Dr. Feist stood and peeled off her gloves, stuffing them into her jacket pockets. “Clinically, I can’t really say. Once I get her on the table, I’ll know more. I think the cause of death is going to be the same—asphyxiation—but you know as well as I do that doesn’t mean the same person did it.”

Mettner stepped back into the room. “The scene looks damn similar. A single woman, living alone. No forced entry, the victim suffocated in a pretty brutal way, the house ransacked but no valuables taken—that we can tell at this point anyway.”

“Right,” Josie said. “Exactly what I was thinking. There’s a lot of jewelry in Beth Pratt’s bedroom, a lot of electronic devices throughout the house, and about three hundred dollars in her wallet. So whatever the killer was looking for was something very specific, valuable only to him.”

“Exactly like Colette’s,” Mettner said.

“We have no way of knowing what he was looking for at Colette’s, but let’s assume it was the bag of items we found in her sewing machine,” Josie said. “In that bag was a flash drive which led us to Drew Pratt and then his daughter. I don’t think her murder is a coincidence.”

“Me neither,” Mettner said with a grimace.

Dr. Feist went to the door and called for the paramedics to come in and take Beth’s body for transport to the morgue. Josie and Mettner gave them a wide berth, retreating to a corner of the living room near the stripped bookshelves. “So what did Beth Pratt have that was worth being murdered for?”

Mettner shook his head. “What could she have? She couldn’t have evidence of what happened to her dad. No way she would sit on that all these years.”

Josie looked around the room—an otherwise bright and cheery place now marred by violence. “Maybe she had something important, but she didn’t know it was important. Or maybe the killer just thought she had something relevant.”

“Like the flash drive that Colette had? There is nothing even remotely worth killing over on that flash drive.”

“Not to us, maybe,” Josie said. “We’re missing something. Something big. Who is Beth’s next of kin?”

“Mason Pratt,” Mettner said. “Samuel Pratt’s son. He and his mother are her next of kin—at least the closest around here. Beth’s mother’s family lives in Texas. I already had Gretchen put a call out to Mason before we got here.”

“Maybe we need to pay him a visit,” Josie said. She checked the time on her phone. “Hummel’s just coming on shift. Call him and tell him to pick Mason Pratt up. We’ll meet him at the station.”

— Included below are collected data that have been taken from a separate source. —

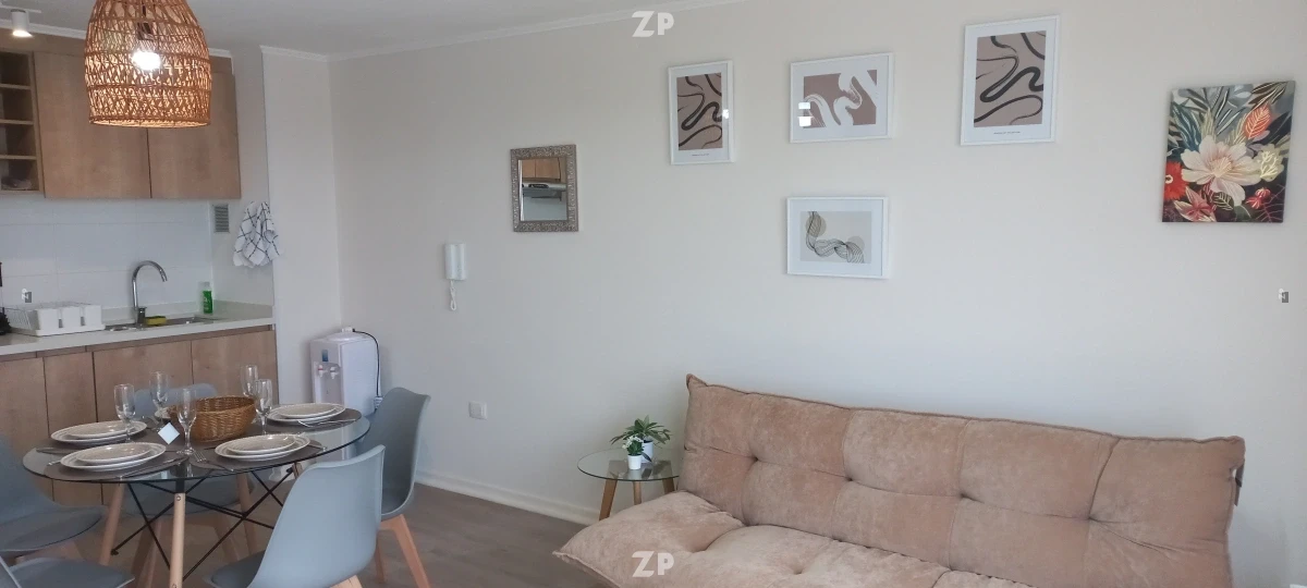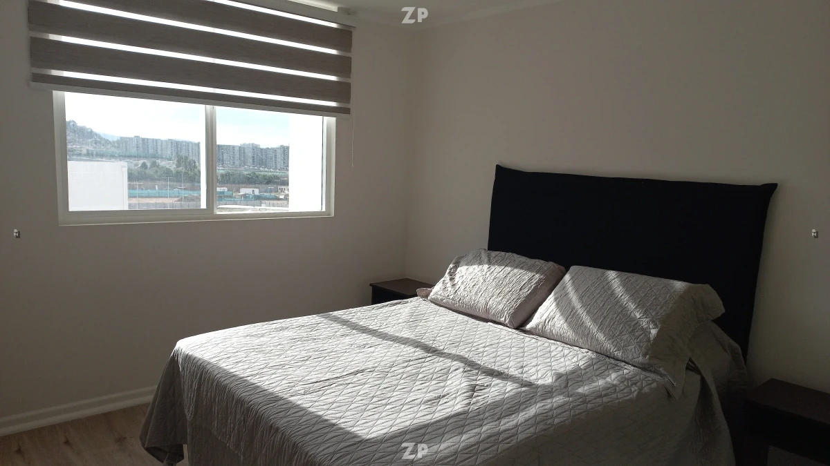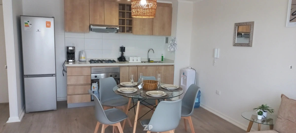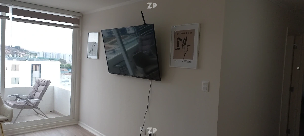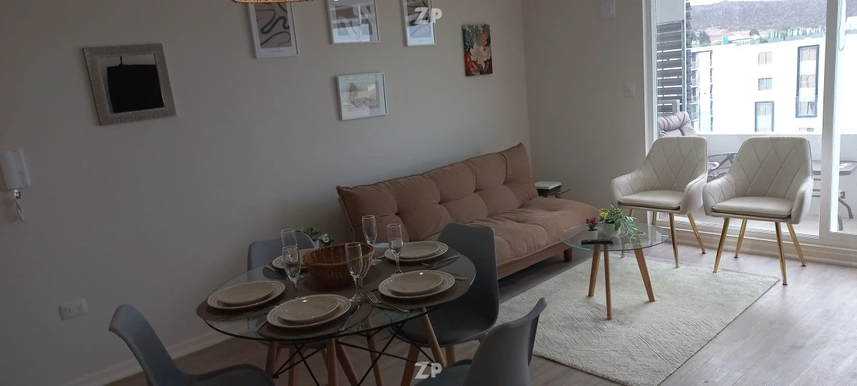 Departamento completamente amoblado en piso 6 con excelente vista y luminosidad, ubicado en Condominio Mirador de Peñuelas II, sector residencial tranquilo cercano a la playa, supermercados y locomoción.
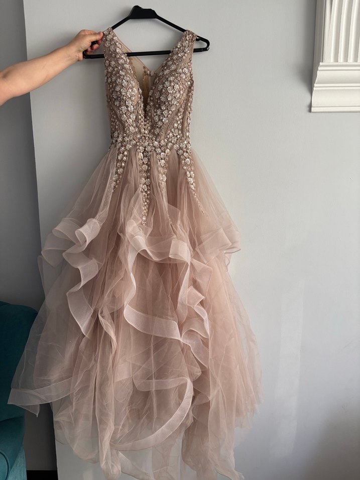 Ürün sadece 1 kere giyilmiştir pudra pembesi rengi tasarım elbise. Uç kısımları kesildiği için tadilat gerekli
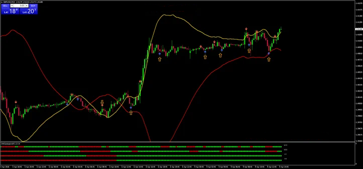 O Indicador de Seta Mistery Data gera sinais de entrada precisos, indicando momentos ideais para comprar ou vender. As setas verdes indicam compra, enquanto as setas vermelhas indicam venda.
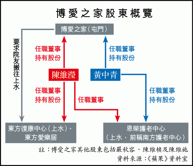 據了解,男院友要搬去的河上鄉「東方復康中心」,是兩幢三層高村屋,由博愛之家股東陳維瀅持有。院舍地點偏僻,位於上水河上鄉路,要在上水轉搭小巴再步行約5分鐘才到達。有該中心男院友透露,院舍最多可住40多人,曾聽過將有10位博愛之家院友遷至;有院友亦透露,被逼遷時有發生,只能聽從院舍決定。
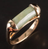14k Yellow Gold Cylinder Shaped Jade Solitaire Cocktail Ring 4.05g

As Mettner made the call, Josie studied the floor where the paperback books and photo albums lay in heaps near their feet. One of the albums was open and from where she stood, Josie saw what looked like photos of Drew Pratt’s wedding. She squatted down to have a better look. They were candid photos taken by friends or other family members, old and yellowed. She scanned a few of them until she spotted one with what had to be Drew Pratt and his older brother, Samuel. Both were dressed in dated, blue tuxedos, smiling at the camera. Samuel looked older with a neatly trimmed goatee. His eyes were brown like Drew’s but closer together beneath bushier eyebrows. The shapes of their chins and noses were the same, as was the dark brown of their hair. Samuel was a few inches taller than his brother.

“Maybe Mason can tell us more about his father, too,” Josie mumbled as Mettner finished up his call. She turned some pages in the album, finding more photos of Drew and his wife, then a small swaddled baby between them in nearly every photo. When she came to the end of that album, Josie picked up another one. Gone was baby Beth and her mother in this album. Instead there were photos of Drew and a teenage Beth alongside Samuel, looking much older, and a teenage boy who was clearly Mason Pratt. Occasionally, a woman joined them in the photos. Josie assumed she was Samuel’s wife. But most of the time it was the two brothers and their teenage children—hiking, canoeing, white-water rafting and embarking on all kinds of outdoorsy adventures. Samuel Pratt’s wife only appeared in their less physical activities like a visit to New York City where they stood outside a Broadway theater and a trip to Disneyworld.